Now all this sounds very lovely doesn’t it… 

especially to me… but if it were always this easy…to honour our parents…we wouldn’t need a commandment… would we?  

And I suspect God knew we’d need a rule about it…
because at
some stages of our lives…
we simply don’t
want to honour our parents…do we?

As teenagers especially…when Mum and Dad are restricting our freedom…or refusing to give us what we want.

As young adults… when we don’t need them anymore for our survival…Or around the age of forty…

as we finally get in touch with our anger…at how we think our parents have failed us…in some way or other.

And even later in life…sometimes our parent’s frailty and dependency in old age…make us shrink from honouring them…because we… just don’t know…
how to
handle it….

And of course for some people…at whatever stage of life…it’s hard to honour someone who’s hurt us…or abandoned…neglected or abused us.

In the powerful Christian novel The Shack … Mackenzie Philips finds the honouring too hard

the narrator tells us…[Read from book]

It’s not until the age of fifty six…in this storythat Mack encounters the overwhelming love and grace of God’s triune presence…in the shack…

When he tells God he can’t love or forgive his father… or the man who killed his daughter…God says…but Mack ‘I do love them…not for what they became but for the broken children they were…who were twisted by their pain

And God tells Mack ‘I want to help you take on that nature that finds more power in love and forgiveness than in hate.’

until this encounter with God…Mack never even considers his father…to be someone God loves too …in spite of his anger and his brokenness

Only when Mack views his father in this light…can his relationship with him be healed

only then… with God’s help… is Mack free…
not to
excuse his father’s behavior…but to forgive…
as he’s been forgiven…

 

only then… does Mack really begin to live

It’s interesting the commandment to honour our father and mother…is the only one with a promise attached… a promise the apostle Paul repeats…in his letter to the church in Ephesus.

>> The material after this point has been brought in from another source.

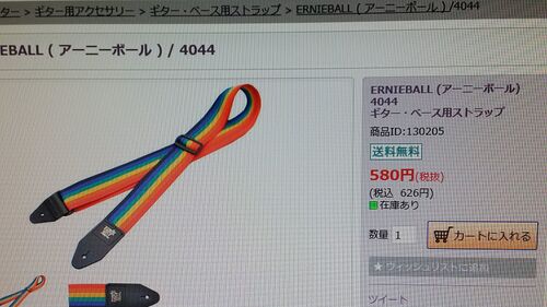 先日、リサイクルショップで入手したベースを調整していただいた話を書きました。 hikiblo.hateblo.jp この一際目立つ(であろう)個性的なベースに取り付けている、これまた一際目立つ虹色のストラップ。 実は一部が切れ始めています。 ・・・暗い状況で撮影し…

"Honour your father and your mother, as the LORD your God commanded you, so your days may be long and it may go well with you…in the land the LORD…your God… is giving you." [pause]

I don’t need a commandment to honour my mother and father now, but my oath… there have been times in my life… when I failed to honour them…

One thing I’ve learned through the hard way…is that in life or in death…when we learn to see our parents… as children of a loving God…when we learn to accept our parents…for who they are or were…not who we’d like them to be.

When we can forgive our parents for their sins against us…just as we have been forgiven…

Well maybe then…we won’t need a commandment from God… to honour them. [pause]

Ultimately our faith teaches us… our real parent…is God after all…father, son and Holy Spirit the one who creates us…reconciles and perfects us in love

 …and…as Mackenzie Philips found…with God’s help in the Shack…only when we accept God’s love and forgiveness … can we truly honour others… [pause]

So whether you’re sixteen or sixty or ninety six …whether you’ve been loved all your life or neglected

may you realise in the last analysis…that you are a child of the living God…and may you honour your true parent…as you come to see all others… as God’s children too.